This is going to be a bit everywhere, I’m sorry about that.
I’ve had some brilliant news since my last post: another cousin is expecting a baby! Second cousin number 22 will be born at some point in October…
Some slightly sadder news on the baby front though, another one is going to have to have some pretty serious heart surgery. He’s roughly six months old now, poor mite, and nothing’s worked for him. Don’t hereditary faults suck.
Speaking of hereditary faults, it looks like I’m going to be discharged from my cardiologist at my next visit, which is great news: to start with, I won’t have to travel to Leeds every few weeks, but it also means that I’m getting on top of it. It won’t be cured, but I can manage it and hold off the general decline for as long as possible. I can live with that for now.
More bad news; I’ve got two uncles with cancer, one bowel and one prostate. I only learned about the latter today and it’s shaken me a fair bit. He’s already had skin cancer, and this prognosis isn’t looking too good. Cancer seems to run through my mum’s family and it has a fairly good death rate. We can only hope and pray. We’re fighters, we don’t go down easily. It’s made me extra nervous though; I had a tumour removed four years ago because it was displaying some mutant cells, even though they weren’t cancerous.
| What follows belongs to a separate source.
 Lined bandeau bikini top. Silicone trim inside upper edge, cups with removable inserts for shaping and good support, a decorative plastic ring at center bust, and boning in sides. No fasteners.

It’s made me (and my mum) nervous because the breathing problems it was causing could now very easily be explained by my heart and we could miss another regrowth. But hey, I’ve been fine for four years, if it changes now I will most likely break a few walls down. I’ll be fine; focus on the uncles. They’ll also be fine. One uncle is doing very well, and the other will come through, I’m sure of it.
More good news, I need to distract myself. I’ve got another band! I’m far too happy about this, and I can’t even remember if I’ve written about it already, but I’ll go into detail now and finish this post on a high. I went to help out a more local band because two of their Trombones couldn’t make one rehearsal right before the Areas and somehow I managed to sign myself up to the 1st Baritone spot… I didn’t have a Baritone. I don’t know why I offered, but I did and they seem to have happily taken me. I haven’t told them about my heart yet, but I’m good friends with two of the players and they definitely know, and one of the ‘big cheeses’ of the band also knows. If they had a huge problem he would have said and it will have been brought up. Of course, I’ll have to tell them in due course, just in case those three manage to all miss a rehearsal, but fingers crossed it won’t be a huge issue. I’m doubtful, but hopeful.
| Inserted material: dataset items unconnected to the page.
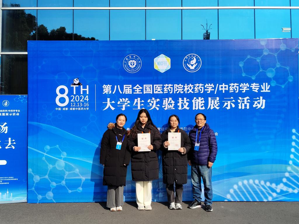 近日,第八届全国医药院校药学、中药学专业大学生实验技能展示活动在成都中医药大学落幕。狂人小说 药学221班郑依婷、张畅凭借扎实的专业基础和出色的实验技能分别荣获全国二等奖、全国三等奖,由胡纯琦、边可君共同指导。
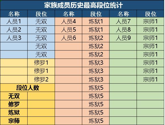 开始安排时需要对家族整体实力进行了解,可以按下表统计一下家族33段位
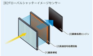 全画素を同時に露光・読み出しを行うグローバルシャッター方式を、レンズ交換式デジタルカメラとして世界初採用。従来用いられていたローリングシャッター方式が画像の撮像面上部の画素から順に読み出すのに対し、グローバルシャッター方式ではすべての画素を同時に読み出すため、高速で動く被写体を撮影する時でも歪みのない映像表現が可能になったと同社はアピールしている。

I had a really sobering thought today: mental health wise, I’ve been going downhill at a very unsafe pace. Now that I’m on my own at university, I could retreat and, if I timed it right, nobody would have to know anything was wrong for four days. If I lost it, people wouldn’t necessarily know, whether I wanted them to or not. It’s scared me a little, and I need to bring it up with someone: if I just locked myself away, people wouldn’t know that anything was wrong. That’s me in quite a dangerous position, if the last few weeks of term were anything to go by. I need to fix that, and quickly, within the next two weeks.